### Instructions for the task
Could you write out exactly, and only, the lines from the one containing "Sada objektívov Fish" through the last line of the data, leaving out all pictures?

### Source material

::::

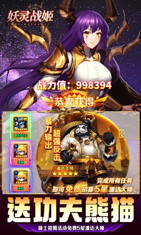 ★新服骑士招募,完成所有任务即可免费招募5星潘达大师
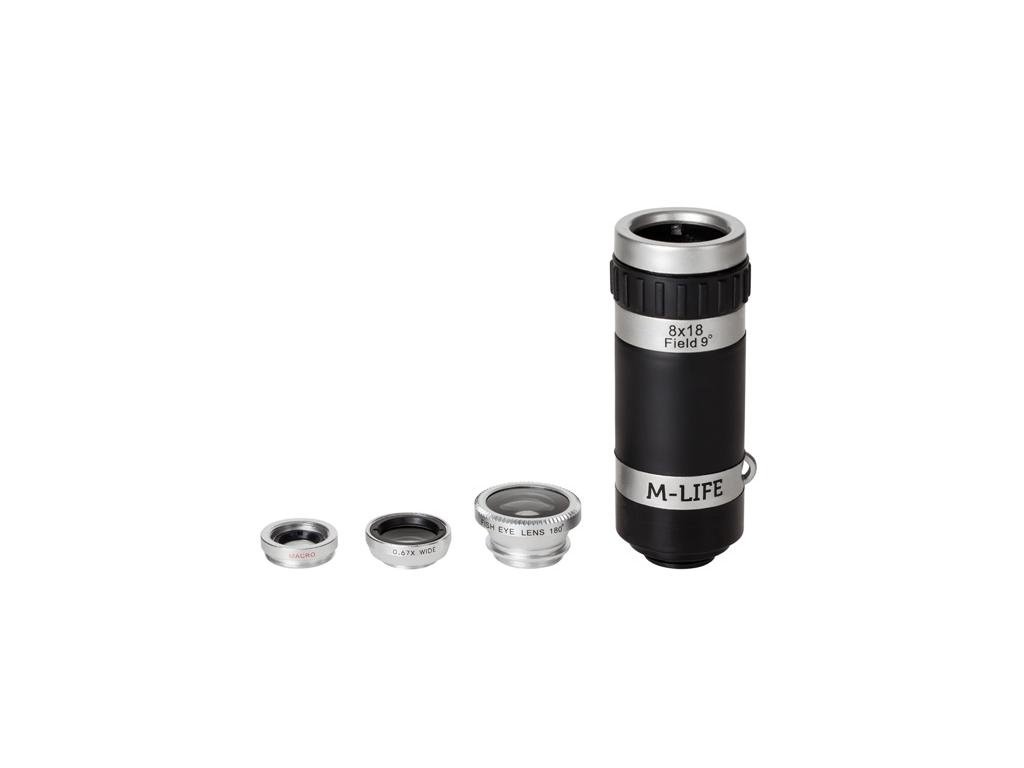 Sada objektívov Fish Eye+Wide Angle+Macro+ Mobile Phone Telescope Lens pre smartfóny a tablety 4w1 M-LifeObjektív Fisheye:
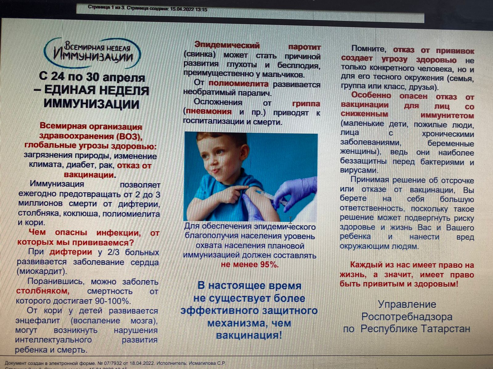 ЕДИНАЯ НЕДЕЛЯ ИММУНИЗАЦИИ с 24 апреля по 30 апреля 2022
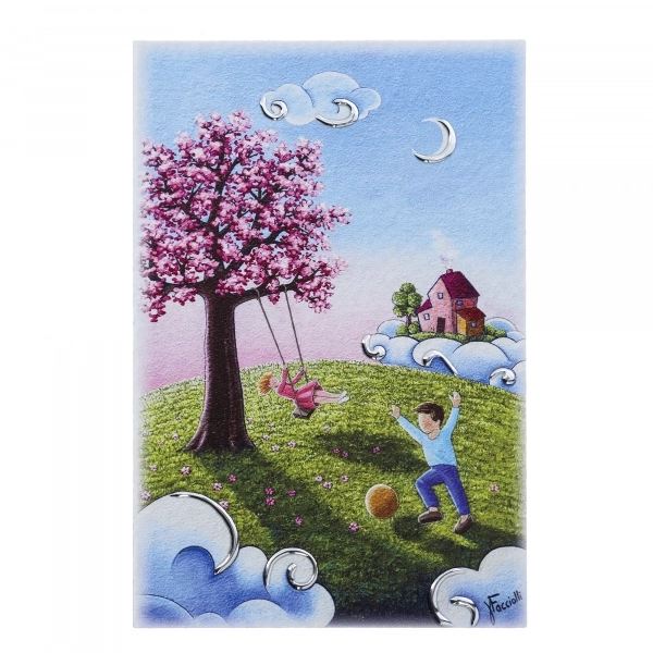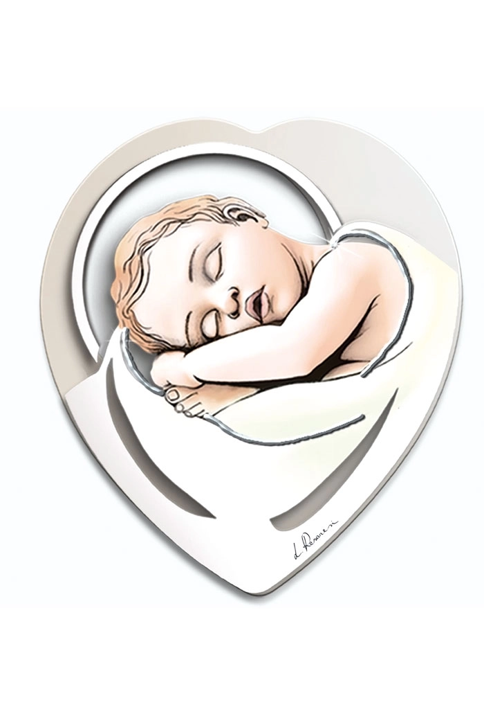 Un raffinato quadro sagomato (delle dimensioni di 30x35 cm) con la rappresentazione di Gesù Bambino che dorme. La forma del quadro ricorda un cuore. Le decorazioni argentate in rilievo sono applicate a mano da esperti artigiani. Il quadro, dai colori tenui e con gli inserti in argento, è un elegante elemento di arredo che si adatta bene all'arredamento classico o moderno. Un'ottima idea regalo in occasione di una nascita o di un Battesimo!

::::

### Result below
 Sada objektívov Fish Eye+Wide Angle+Macro+ Mobile Phone Telescope Lens pre smartfóny a tablety 4w1 M-LifeObjektív Fisheye:
 ЕДИНАЯ НЕДЕЛЯ ИММУНИЗАЦИИ с 24 апреля по 30 апреля 2022
 Un raffinato quadro sagomato (delle dimensioni di 30x35 cm) con la rappresentazione di Gesù Bambino che dorme. La forma del quadro ricorda un cuore. Le decorazioni argentate in rilievo sono applicate a mano da esperti artigiani. Il quadro, dai colori tenui e con gli inserti in argento, è un elegante elemento di arredo che si adatta bene all'arredamento classico o moderno. Un'ottima idea regalo in occasione di una nascita o di un Battesimo!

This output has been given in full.